觀點新型冠狀病毒

The looming threat of long financial Covid

Necessary debt restructurings will be prolonged and messy while people and economies suffer

Economic activity contracted in 90 per cent of the world’s countries in 2020. This exceeded the proportion hit by the two world wars, the Great Depression and the global financial crisis. A pandemic, we now know, is a comprehensive disaster. It also bequeaths ill health and social and economic disruption. Among the most long-lasting legacies could be financial ones, especially in emerging and developing countries. The spectre of a lost decade looms for vulnerable nations. Determined action will be needed to prevent this. (See charts.)

That is the theme of the latest World Development Report (WDR), entitled Finance for an Equitable Recovery, which was prepared under the direction of World Bank chief economist, Carmen Reinhart, a renowned expert on global finance.
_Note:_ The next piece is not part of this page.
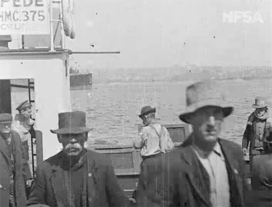 We are briefly shown a shot of an idle shipyard and then the footage cuts to labor leaders being released on bail, arrested as part of a government pressure tactic. The strikers sarcastically raise their hats to passing trams, manned by scabs, and then the footage shows the other side of the coin: the “volunteers” working the jobs left empty by the striking workers. There is considerably less merriment on this side, a few waving hats but mostly grim stares. (An armed strikebreaker had murdered an unarmed striking laborer, this was a life or death situation.)
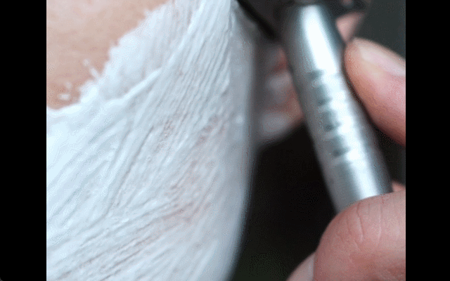 手に持った時に適度な重量感があり、そのまま重力に任せて刃を肌に走らせればフェザータッチで太い髭もスパスパと快適に断ち切ります。その時のジョリジョリという音と剃り味は正に快感!です。

She notes, “In 2020, the average total debt burden of low- and middle-income countries increased by roughly 9 percentage points of the gross domestic product, compared with an average annual increase of 1.9 percentage points over the previous decades. Fifty-one countries (including 44 emerging economies) experienced a downgrade in their sovereign debt credit rating.” Fifty-three per cent of low-income nations are now seen to be at high risk of debt distress.

Sharp rises in indebtedness were a necessary response to the pandemic. Indeed, the problem for most emerging and developing countries was that they could afford to borrow too little, with grave results for their populations. Partly as a result, Covid has increased inequality not only inside countries, but also between them. Not least, the number of people in extreme poverty jumped by 80mn in 2020, much the largest such rise in a generation.